Accounting is the art of measuring and communicating financial information. To maintain uniformity and consistency in preparing and maintaining books of accounts, certain rules or principles have been evolved. These rules or principles are classified as concepts and conventions. One of the important concept in accounting is “Measurement” (Mattessich, 1977)
Accounting is the language of business. It is a profession that is being guided by principles, concepts, conventions, laws, etc. All these fundamental building blocks serve as common and general compasses to all practitioners of the profession. In some cases, they are nation-wide tailored, while in other cases, they are universally tailored. Accounting as a living, practical, dynamic and realistic profession covers so many areas of social, economic (business), and governmental activities. Surely, any endeavour that involves monetary and material activities create a room for the services of Accounting. Many of the human endeavours for which the accounting profession plays significant (some times inevitable) roles include; Banking, Insurance, Manufacturing, Farming Contracting, Oil and Gas, Mining, Transportation (Air, Land and Sea), Educational Institutions, Churches, Ministries, ICT, Hire Purchase, Local Government Authorities, Estate Businesses, Export and Import Businesses, Bill of Exchange Transactions, Royalties Transactions, Consignment Transactions, Stock Market Transactions, Sports, Entertainment, Hospitals and Hospitality Industry, etc.
Generally, the accounting professionals calling in the United States as well as in the whole world seemed to be focused on the readiness and examining of money related articulations. Many people consider Certified Public Accountants (CPAs) and different experts of accounting while saying financial accounting. In any case, in different parts of the world, management accounting order is a division of the accounting field (Sahi and Dua 2012). Management accounting and financial accounting are two distinct callings in such locales. Administration accounting, as a sub control, manages money related and non-monetary data to bolster a scope of administrative choices. Then again, money related accounting focuses on monetary information just to bolster both loan bosses' and financial specialists' choices on capital allotment (Kinney and Raiborn 2008).
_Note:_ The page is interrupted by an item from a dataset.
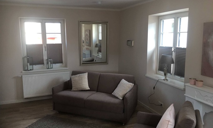 Apartment A is located on the ground floor. The approximately 40 square meters of living space are distributed in the living and sleeping area and the bathroom. It is designed for 2 to 4 people. For the third or fourth person, a high-quality sofa bed is available. Other features: • cozy ambience • comfortable seating in the living room • free Wi-Fi • LED TV • small kitchen with fridge and ceramic hob • Tchibo Cafissimo coffee machine with capsules and accessories • modern shower room with high-quality makeup mirror, towels and hair dryer

Management accounting fundamentally concentrates on enhancing business execution yet not guaranteeing that the business complies with the set measures. From this perspective, it is evident that monetary accounting dominates management
The Burns and Scapens framework for analyzing managerial accounting change was built on the study of old institutional economics, which sees "economics as a process of social provision, subject to multiple and cumulative causation." This view culminates in a model that argues that the managerial accounting practices at institutions are subject to a process of constant change, influenced by routines and rules. The institutions contribute to these routines and rules, but so do actions on the part of managers within the institutions. By combining multiple influences over time, we arrive at modern managerial accounting practice. In other words, Burns and Scapens tells us that managerial accounting practice changes over time, influenced by a number of factors including rules, routines and actions.